### AIM OF THE TASK
In this exercise, retype exactly and only the lines from the top of the entries below through the line that holds "2,5W LED įkraunamas", omitting pictures.

Items from a data source
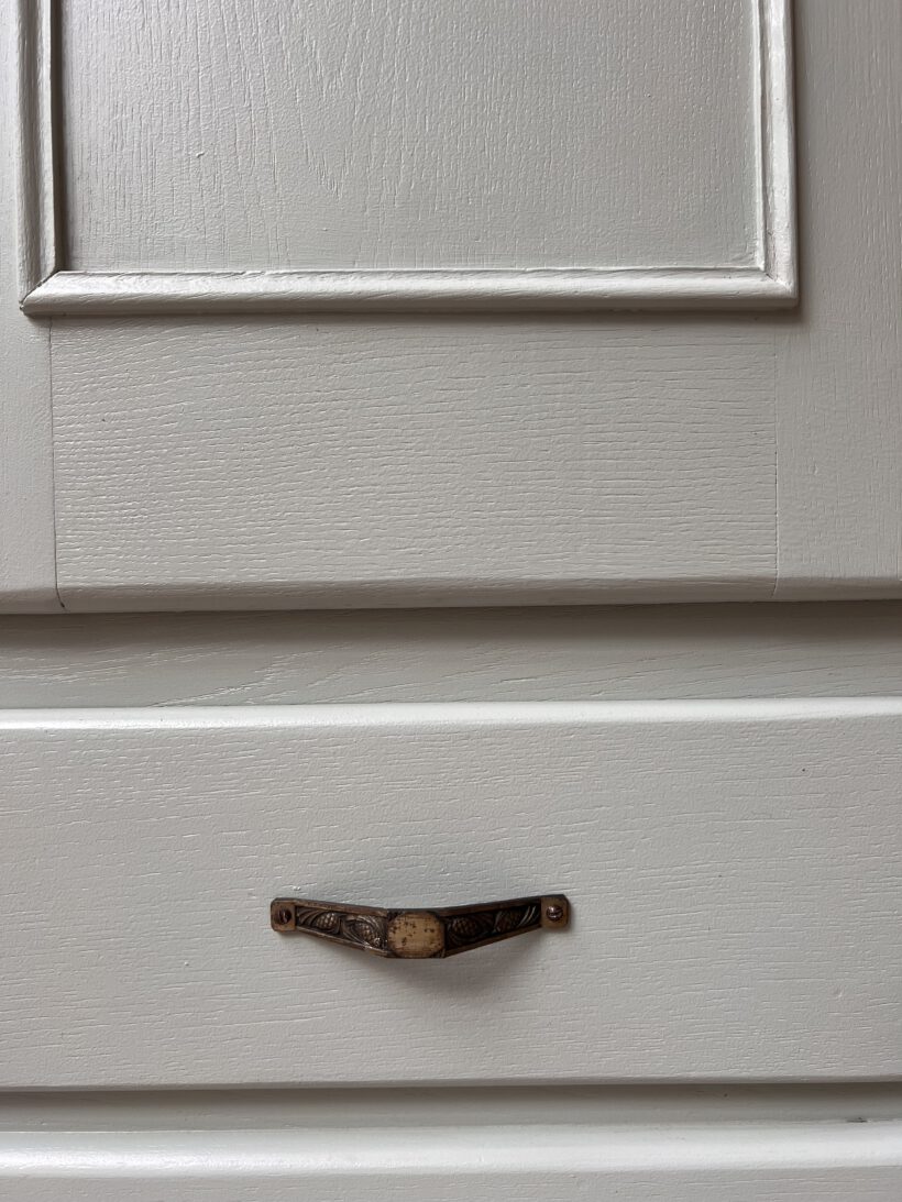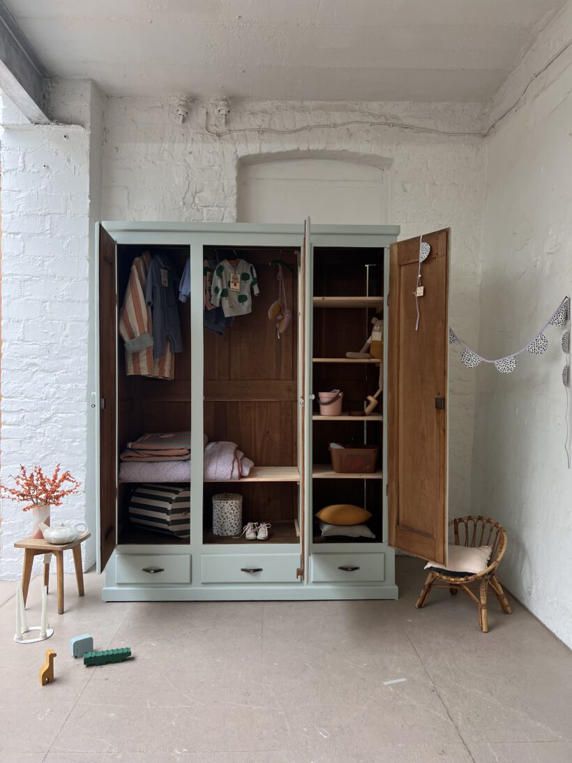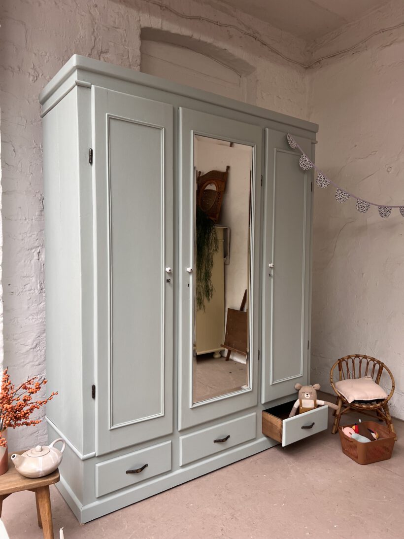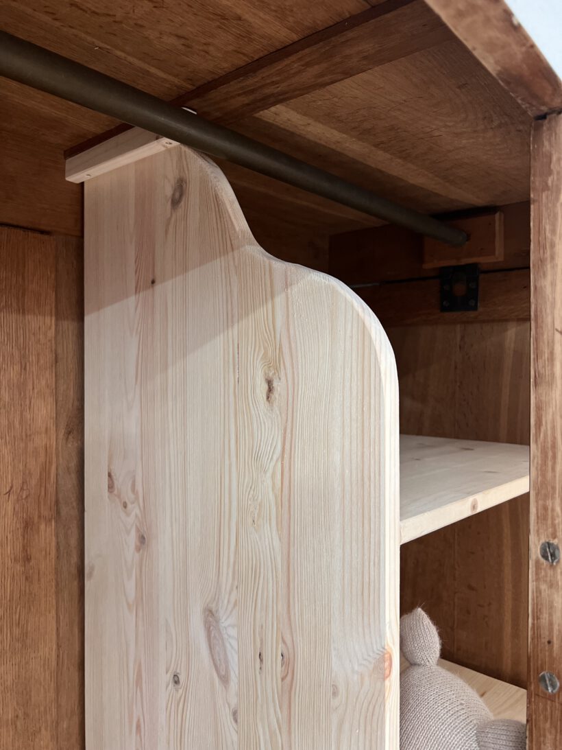 Zabel ist ein antiker großer Steckschrank aus Eiche, der mit solch einer Eleganz und Unsterblichkeit so so viele Sachen verstauen kann. Er ist schlicht, zeitlos und mega praktisch. Das alte Eichenholz ist robust und quasi unkaputtbar. Und da er ein Steckschrank ist, lässt er sich einfach auf- und abbauen. Und dadurch bequem in jedes noch so kleine Dachgeschoss Zimmer tragen. Zabel ist ein Schrank fürs Leben und deshalb hat er von uns auch ein schönes neues Innenleben bekommen., damit all sein Raum für jeden gut nutzbar ist. Rechts hinter der dritten Türe haben wir vier Regalböden eingebaut, eine Trennwand links und davon abgehend verläuft die original Kleiderstange und ein Regalboden. Die rechte und linke Türe haben einen Schlüssel, die mittlere leider keinen mehr, dafür einen Kugelschnapper von uns, womit sie gut schließen kann. Unten hat Zabel drei Schubladen. Ein Träumchen.
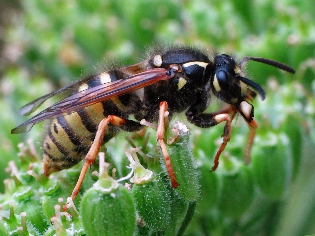 Kaum hat die Taillenwespe den Zweiflügler erspäht, macht sie sich zielsicher an die Verfolgung. Die Jagd währt nicht lang und der gelb-schwarze Räuber bohrt seinen Hinterleibsstachel in die Beute. Anders als die Bienenverwandschaft verenden Wespen nach dem Stich nicht, denn ihr Stachel ist nicht mit Widerhaken bewehrt, sodass er wieder eingezogen und mehrfach verwendet werden kann.
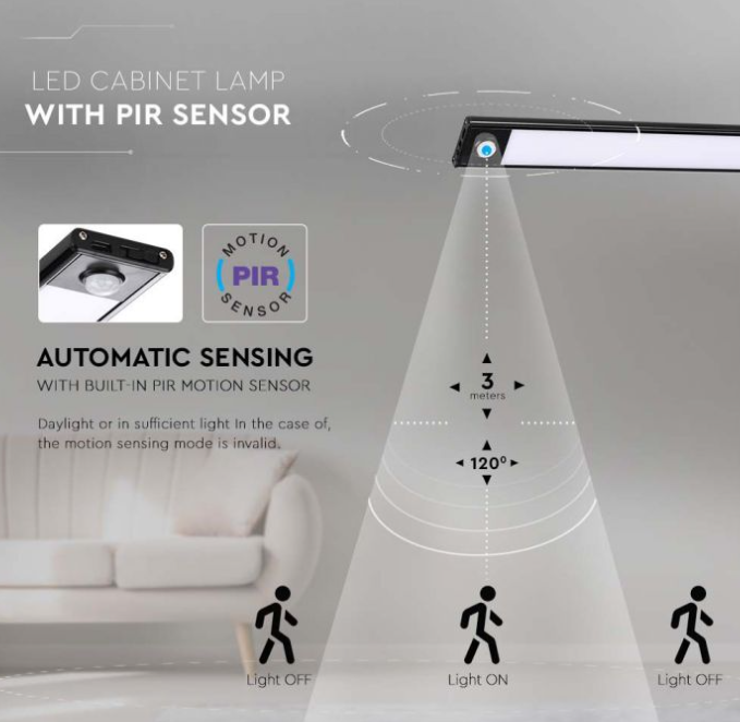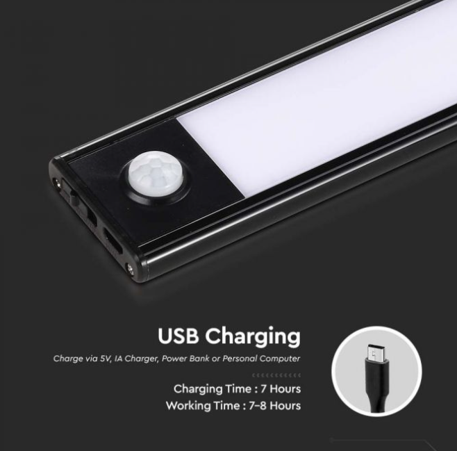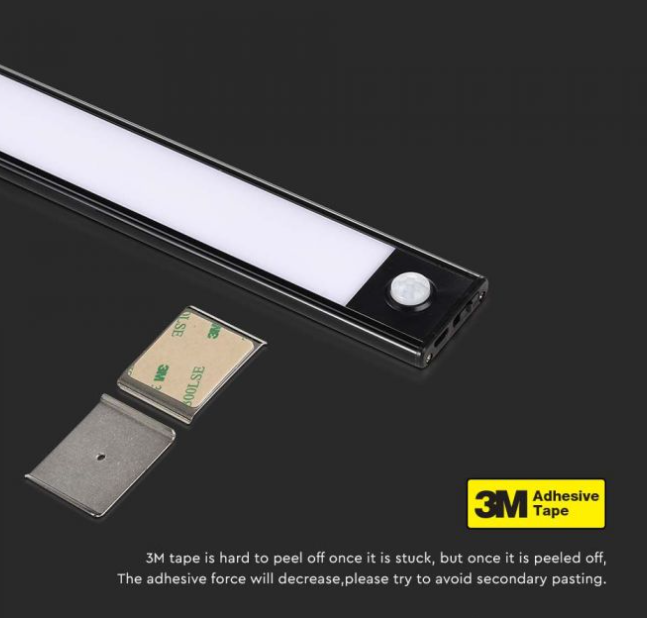 2,5W LED įkraunamas linijinis paviršinis šviestuvas, 60cm, juodas, 3000K, su judesio davikliu, automatine įsijungimo/išsijungimo funkcija. USB įkrovimas, tvirtinamas lipnia juosta.
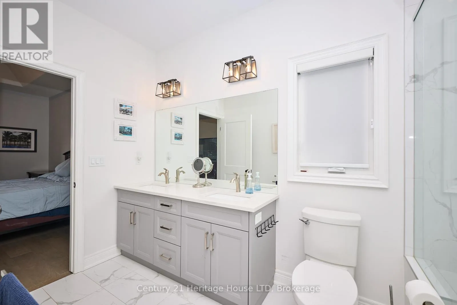 Cross Streets: Dominion Rd & Kraft Rd. ** Directions: From Dominion Rd, head south onto Kettle Court. This thoughtfully customized 1,382 sq. ft. bungalow blends elegance, functionality, and comfort in a quiet Fort Erie cul-de-sac just minutes from the lake and Friendship Trail. From the moment you step inside, you're welcomed by soaring vaulted ceilings in the great room, anchored by a striking feature wall with a built-in fireplace, custom shelving, and a walk-out to the back deck. Floor-to-ceiling windows line the rear wall, flooding the space with natural light and offering tranquil views of the beautifully landscaped backyard. The open-concept kitchen is ideal for both everyday living and entertaining, showcasing stainless steel appliances, quartz countertops, a built-in mini fridge, and ample cupboard space. Walk out to the expansive composite deck - partially covered for rainy days, with an open section for sun lovers. The backyard is fully fenced and includes a 1-year-old large 12-ft hot-water swim spa, garden shed, and armour stone lining the property for added charm. The spacious primary suite features a stunning ensuite bath with a spa-like feel and double vanity, and convenient access to the adjacent laundry area. Flooring throughout is luxury vinyl flooring, and pot lighting enhances the modern, airy atmosphere. The recently renovated lower level offers even more space, with a large rec room, a full bath, and two additional bedrooms - all with egress windows and large closets. A double-car garage and generous driveway complete this exceptional offering. Located minutes from uptown Fort Erie amenities, waterfront trails, and the QEW, this home offers peaceful living without sacrificing convenience. A must-see for those seeking a turnkey property with refined finishes and thoughtful design throughout. See listing agent for a list of improvements completed in 2024. (id:27476)
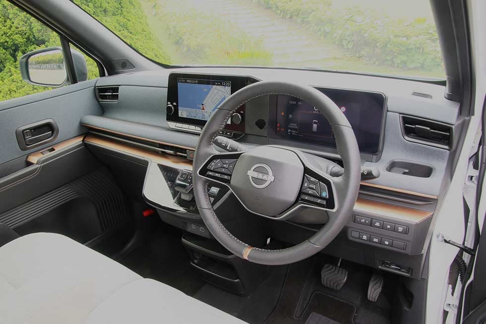 サクラのインテリアは、なかなかキレイにまとめられている。水平基調のダッシュボードはスッキリ感とワイド感を併せ持つ。9インチの大型ディスプレイをセンター上部に設置した。
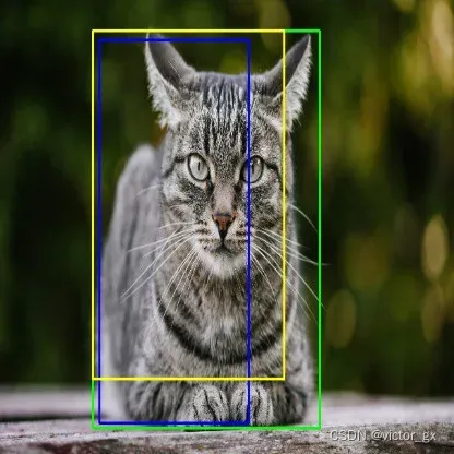 blue_box=[x3,??y3,??x4,??y4,??"Cat"??0.85]yellow_box=[x5,??y5,??x6,??y6,??"Cat"??0.75]green_box=[x1,??y1,??x2,??y2,??"Cat"??0.9]
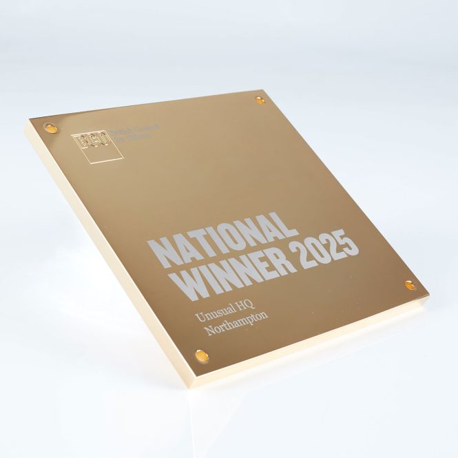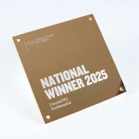 The BCO Plaque is crafted from polished gold-plated aluminium, delivering a sleek, mirror-like finish that enhances its clean, contemporary form. A precision-machined logo adds subtle dimensional detail, while laser-engraved winner information provides a crisp, refined finish that reflects the prestige of the award.
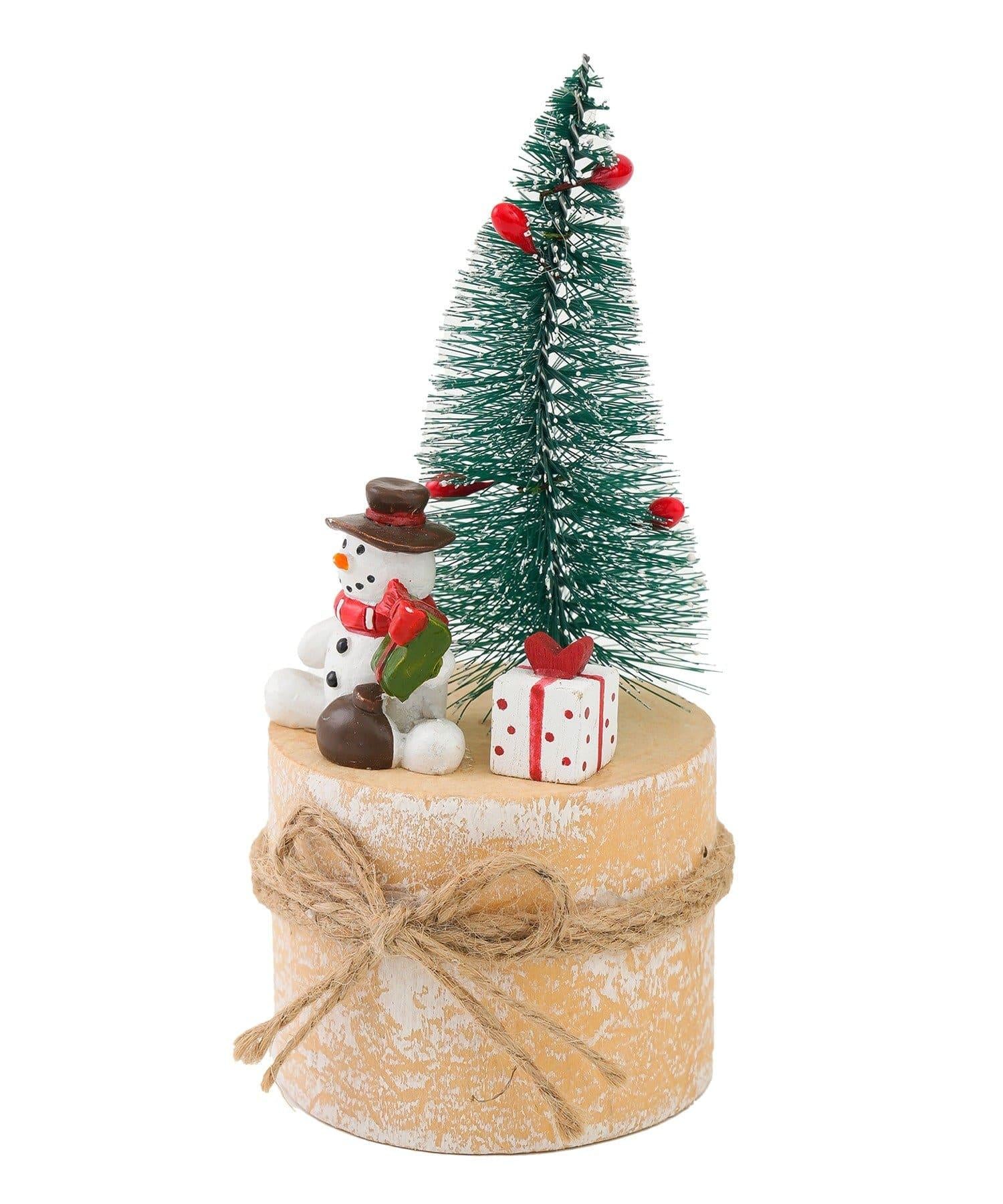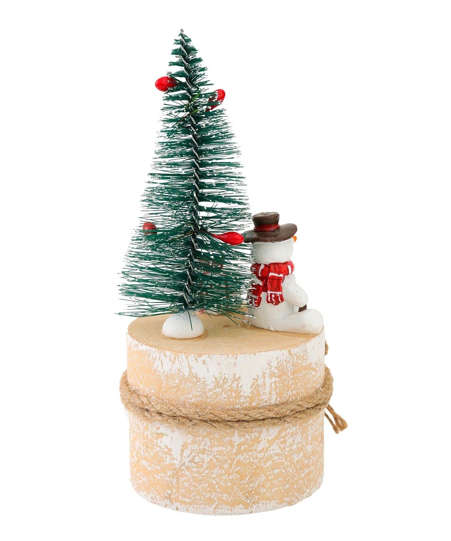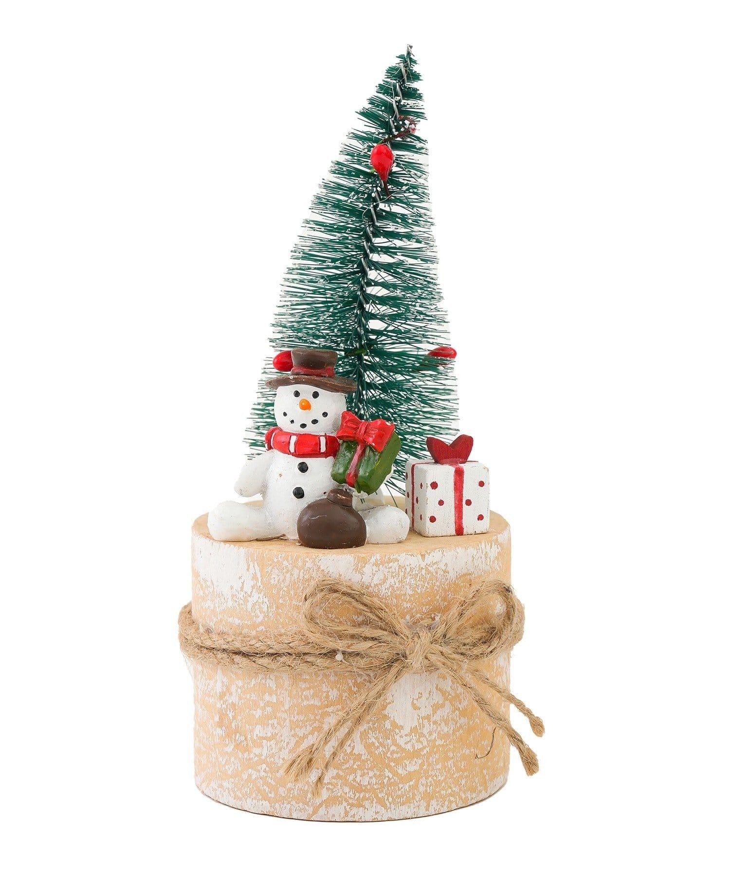 樹樁底座上的雪人和樹的組合物品,充滿了大自然的溫暖。
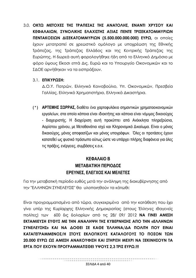 ΕΝΑΣ ΑΠΟ ΤΟΥΣ ΣΚΟΠΟΥΣ ΠΟΥ ΕΙΝΑΙ ΓΡΑΜΜΕΝΟΣ ΚΑΙ ΕΠΙΚΥΡΩΜΕΝΟΣ ΣΤΑ ΚΑΤΑΣΤΑΤΙΚΑ ΟΛΩΝ ΤΩΝ ΤΕΡΑΣΤΙΩΝ ΟΡΓΑΝΙΣΜΩΝ , “Ε.ΣΥ. ΕΛΛΗΝΩΝ ΣΥΝΕΛΕΥΣΙΣ” , ΤΟΥ ΟΡΓΑΝΙΣΜΟΥ “Ε5 ΕΛΕΥΣΙΣ ΕΝΩΜΕΝΩΝ ΕΛΕΦΘΕΡΩΝ ΕΝΕΡΓΩΝ ΕΛΛΗΝΩΝ” ΚΑΙ ΤΟΥ ΠΟΛΙΤΙΚΟΥ ΦΟΡΕΑ “ΕΛΛΗΝΩΝ ΣΥΝΕΛΕΥΣΙΣ” ΕΙΝΑΙ Η ΠΡΟΩΘΗΣΗ ΚΑΙ ΥΠΟΣΤΗΡΙΞΗ ΤΩΝ ΠΡΟΣΦΟΡΩΝ ΤΟΥ ΕΛΛΗΝ ΑΝΘΡΩΠΟΥ ΑΡΤΕΜΗ ΣΩΡΡΑ ΓΙΑ ΤΗΝ ΕΞΑΛΕΙΨΗ ΤΟΥ ΔΗΜΟΣΙΟΥ ΚΑΙ ΙΔΙΩΤΙΚΟΥ ΧΡΕΟΥΣ ΤΩΝ ΕΛΛΗΝΩΝ !!!
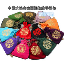 中国式棉麻零钱包 拉抽口袋布袋 小礼品袋 团福刺绣 中国婚庆礼物
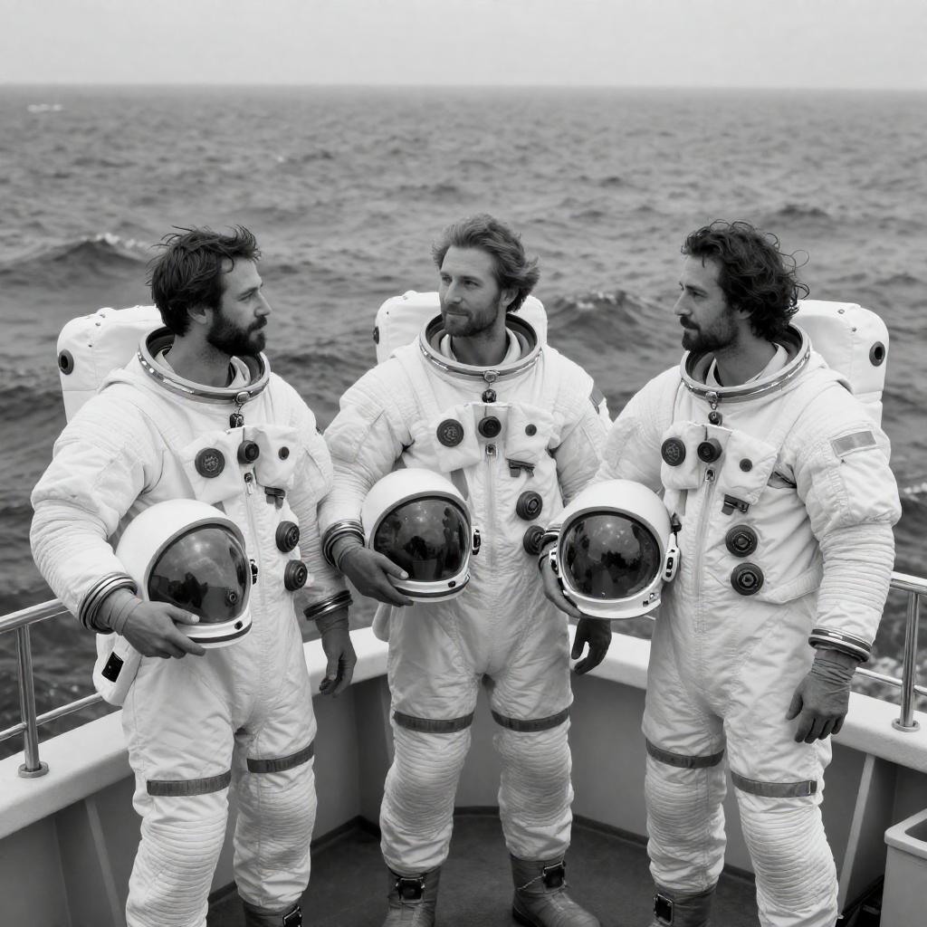 Black-and-white photograph of three men in white space suits standing on a boat, holding helmets and space bags. They have beards and long hair, facing each other with a turbulent ocean in the background. The boat's railing is in the foreground.
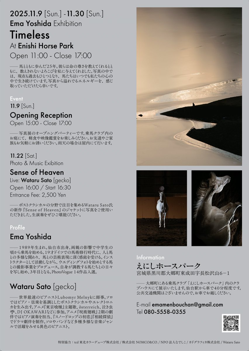 11/9〜11/30までえにしホースパークで馬写真展を開催します。 えにしホースパークのトレーナーとして、写真家として活動しているEMA YOSHIDAの作品です。是非お越しください。 11/9 Opening Reception 11/22 Live #emayoshidaexhibition #写真展 #いろり #ユニコ #大郷町 pic.x.com/X9qiggZHgo
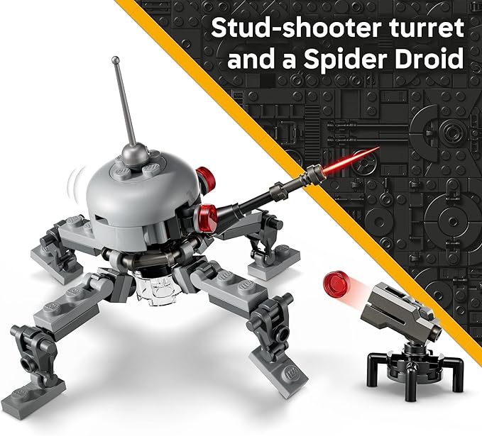 - BUILT FOR STAR WARS BATTLES – Kids can command an AT-RT walker with a LEGO minifigure cockpit, a stud shooter, and storage for a blaster and binoculars, as well as posable Spider Droid and stud-shooter turret

### WRITTEN REPLY
 Zabel ist ein antiker großer Steckschrank aus Eiche, der mit solch einer Eleganz und Unsterblichkeit so so viele Sachen verstauen kann. Er ist schlicht, zeitlos und mega praktisch. Das alte Eichenholz ist robust und quasi unkaputtbar. Und da er ein Steckschrank ist, lässt er sich einfach auf- und abbauen. Und dadurch bequem in jedes noch so kleine Dachgeschoss Zimmer tragen. Zabel ist ein Schrank fürs Leben und deshalb hat er von uns auch ein schönes neues Innenleben bekommen., damit all sein Raum für jeden gut nutzbar ist. Rechts hinter der dritten Türe haben wir vier Regalböden eingebaut, eine Trennwand links und davon abgehend verläuft die original Kleiderstange und ein Regalboden. Die rechte und linke Türe haben einen Schlüssel, die mittlere leider keinen mehr, dafür einen Kugelschnapper von uns, womit sie gut schließen kann. Unten hat Zabel drei Schubladen. Ein Träumchen.
 Kaum hat die Taillenwespe den Zweiflügler erspäht, macht sie sich zielsicher an die Verfolgung. Die Jagd währt nicht lang und der gelb-schwarze Räuber bohrt seinen Hinterleibsstachel in die Beute. Anders als die Bienenverwandschaft verenden Wespen nach dem Stich nicht, denn ihr Stachel ist nicht mit Widerhaken bewehrt, sodass er wieder eingezogen und mehrfach verwendet werden kann.
 2,5W LED įkraunamas linijinis paviršinis šviestuvas, 60cm, juodas, 3000K, su judesio davikliu, automatine įsijungimo/išsijungimo funkcija. USB įkrovimas, tvirtinamas lipnia juosta.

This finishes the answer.